There is a bit of the scientist in anyone who sets out to test in his or her own life if Jesus Christ is really all he is cracked up to be. “Prove it,” the contemplative says to God. Here are all these promises: freedom, joy, abundance, peace, wholeness, justice, truth, and life eternal. “Show me,” says the contemplative, setting out to experiment with divinity in the laboratory of experience.

In the beginning God is the object of the search. At some point God may peremptorily rise out of the test tube and take over the experiment. I find myself being dissected. My soul is flayed open by truth. I am blinded by glaring light and toasted over a Bunsen burner, where my impurities are burned away and I am distilled into my essence. I am no longer in control of this process. The knower and the known have shifted places. And truth is not something I can find, but something that has me in its grasp.

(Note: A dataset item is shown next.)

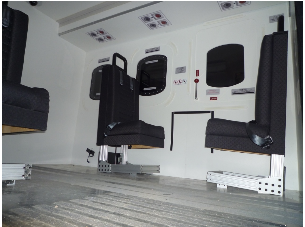
FIGURE 4: Interior view of marine institute replica of Sikorsky S-92 designed by Virtual Marine Technology

Technical staff program the computer and control the simulation when they are given the stepwise scenario (Table 1). Two confederates are recruited to act as an ER nurse and an advanced-care paramedic working with the medevac team. Alternatively, two family medicine or emergency medicine trainees could learn from the exercise by acting as these confederates. Figure 5 and Table 2 depict additional information to be provided if requested by the learner.

Theologian Lesslie Newbigin observes, “Reason, even the most acutely critical reason cannot establish truth.” … [This is because] You cannot criticize a statement of what claims to be the truth except on the basis of some other truth-claim – which at the moment – you accept without criticism. But that truth-claim on which your critique is based must in turn be criticized. Any claim to know truth is, therefore, simply a concealed assertion of power.” (Truth to Tell, The Gospel as Public Truth, Eerdmans, 1991, pp 29-30.)

The work of scientist Michael Polanyi reminds us that “all knowing involves the personal participation of the knower, that knowing always involves the risk of being wrong, and that the struggle to know calls for the fullest exercise of personal responsibility.” Truth to Tell,  p.51)

Instead of seeking proofs of God from reason or experience, the contemplative finds fulfillment simply and humbly dwelling in love in God’s presence.  The contemplative gives God entry into the world, not through a claim of truth, but through a believing heart. Instead of an exercise of power through the assertion of my reality over yours via dazzling argument or feats of spiritual prowess, the contemplative takes the vulnerable route of allowing God to make God’s own appeal through the context of his or her surrendered life.

I acknowledge my vulnerability when I say, “I cannot know it all. I may be wrong. This is what I see. This is what I am responsible for articulating as clearly as I can.” We might characterize the spiritual journey as the process of discovering right relationship to this vulnerability, which we meet in ourselves, others and in God.

By vulnerability I mean capable of being wounded and wrong, open to attack or damage. Our vulnerability may include our sin and temptation to evil, our failure and weakness – wherever we are not whole, wherever we fall short of the glory which is our promised inheritance as God’s children.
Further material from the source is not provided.